The Equity Failure: The evaluation of the tool’s “success” failed to account for context. The algorithm disproportionately flagged families in low-income neighborhoods and those with dual nationalities. While it was “technically accurate” according to its programmed parameters, it became a tool for state-sponsored discrimination. It took a landmark court ruling to stop the tool because the technical evaluation never asked: “Whom is this harming?”

3. The “Optimization” of Medical Care (The Optum Case)

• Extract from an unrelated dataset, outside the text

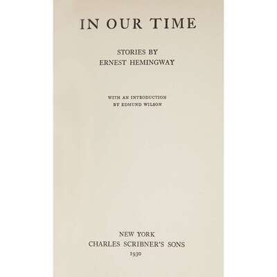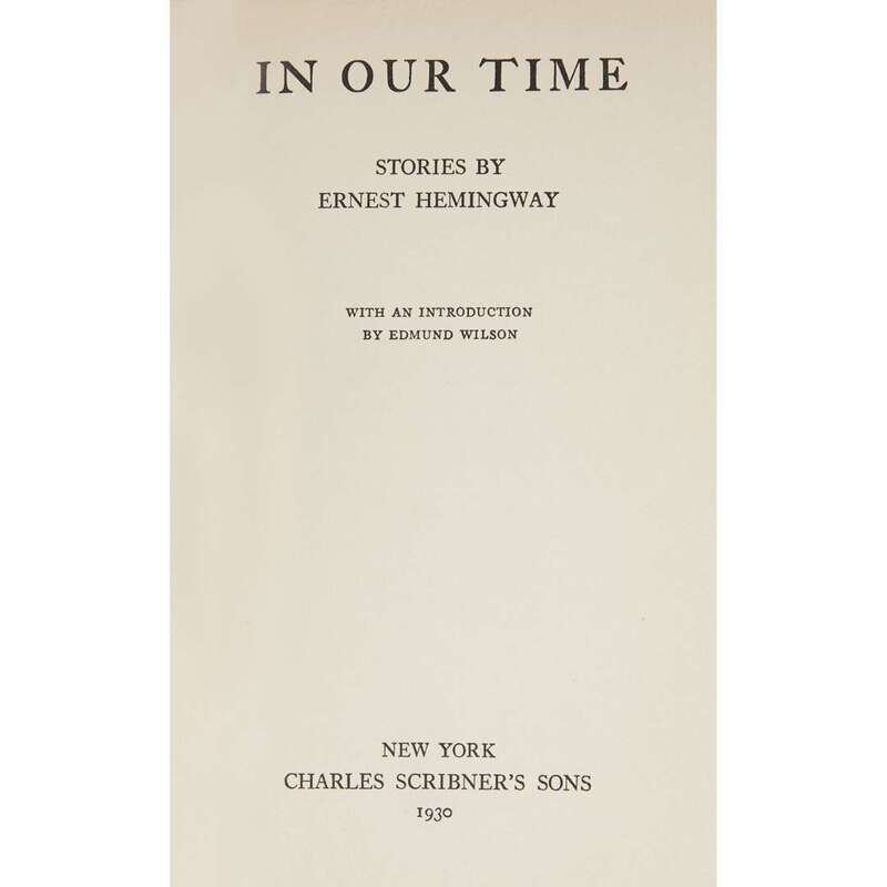 (Modern Literature) 1 Vol. Hemingway, Ernest. In Our Time. New York: Scribner's, 1930. Second American edition, revised. With an introduction by Edmund Wilson. 12mo, original black cloth, gold paper labels, fore edge untrimmed; light edge wear, corners slightly bumped, spine ends very slightly frayed, small chipping at head of paper spine label, dust jacket (some chipping and generally small paper losses at corners, top and bottom of spine panels, and at the very top and bottom of cover panels, spine panel showing some damp staining and starting to darken, the "S" at the end of "Scribner's" at foot of spine panel chipped away - no other losses to lettering or design elements). Small dampstain on top edge. Internally clean.

A widely used AI algorithm was designed to identify which patients needed “high-risk care management.” Technically, it performed brilliantly at its stated goal: predicting which patients would cost the most to treat in the future.

The Equity Failure: Because the algorithm used “past healthcare spending” as a proxy for “health need,” it failed to account for the historical reality that Black patients often have less access to healthcare and thus lower historical spending. As a result, the AI consistently ranked healthier White patients as “higher risk” than sicker Black patients. The tool was technically “objective,” but because the evaluation ignored the Historical Context of medical racism, it automated a life-threatening bias.

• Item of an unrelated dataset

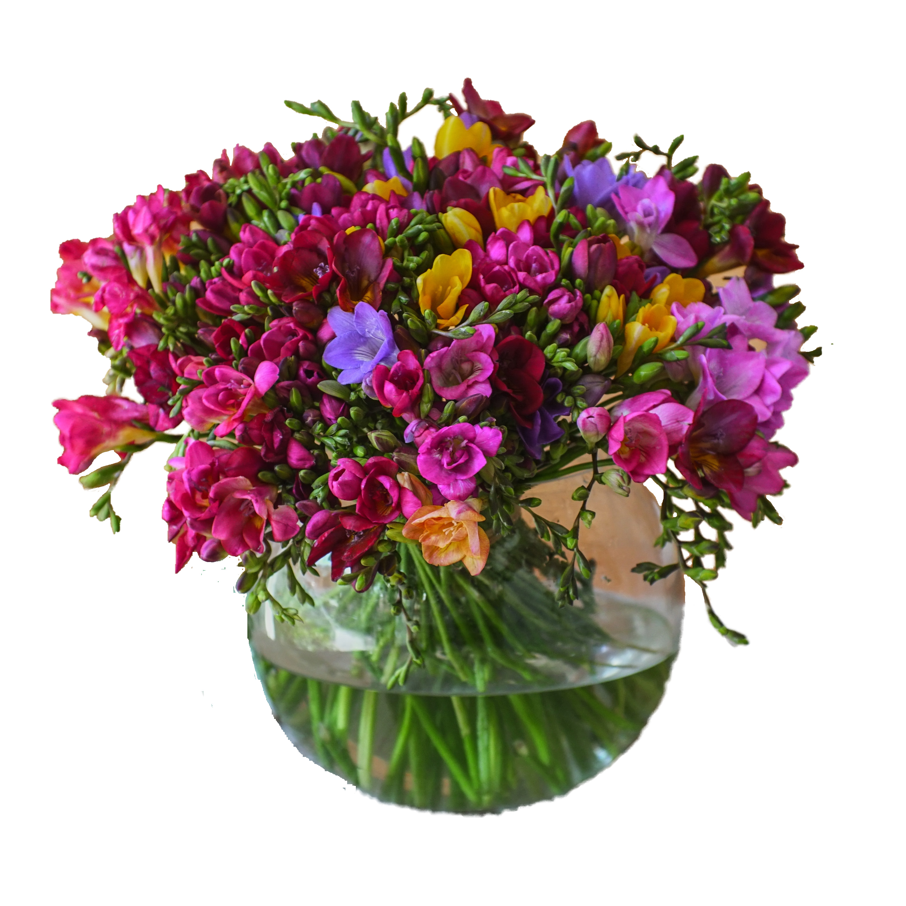 Ten bunches of colorful freesia in a glass sphere vase

Nonprofit and Philanthropy’s Moral Mandate

Nonprofits exist to fill the gaps created by market and state failures. If we adopt AI using the same “efficiency-first” metrics as the private sector or even government actors, we betray our missions. Equitable Evaluation offers three non-negotiable shifts for our sector:

From Efficiency to Service: We must stop evaluating AI to satisfy “ROI” for funders and start evaluating it to serve the community’s self-determination.
From External Experts to Community Ownership: The “validity” of an AI tool should be determined by those it affects, not just those who coded it.
From Neutrality to Advocacy: We must accept that evaluation is a political act. If our AI evaluation isn’t seeking to dismantle inequality, it is maintaining it, whether it’s using a random control trial or not.

Conclusion: A New Standard for Rigor

“Rigor” has long been a gatekeeping term used to prioritize quantitative data over lived experience. It is time we redefine it. True rigor in the age of AI is Cultural Rigor. It is the ability to see the ghost of past discrimination in a dataset and the courage to stop a “scalable” tool if it compromises the dignity of a single community.

For philanthropy and the nonprofit sector, the goal of AI shouldn’t just be to do things faster, better, or more efficiently; it must be to do things that dismantle systemic oppression with intention.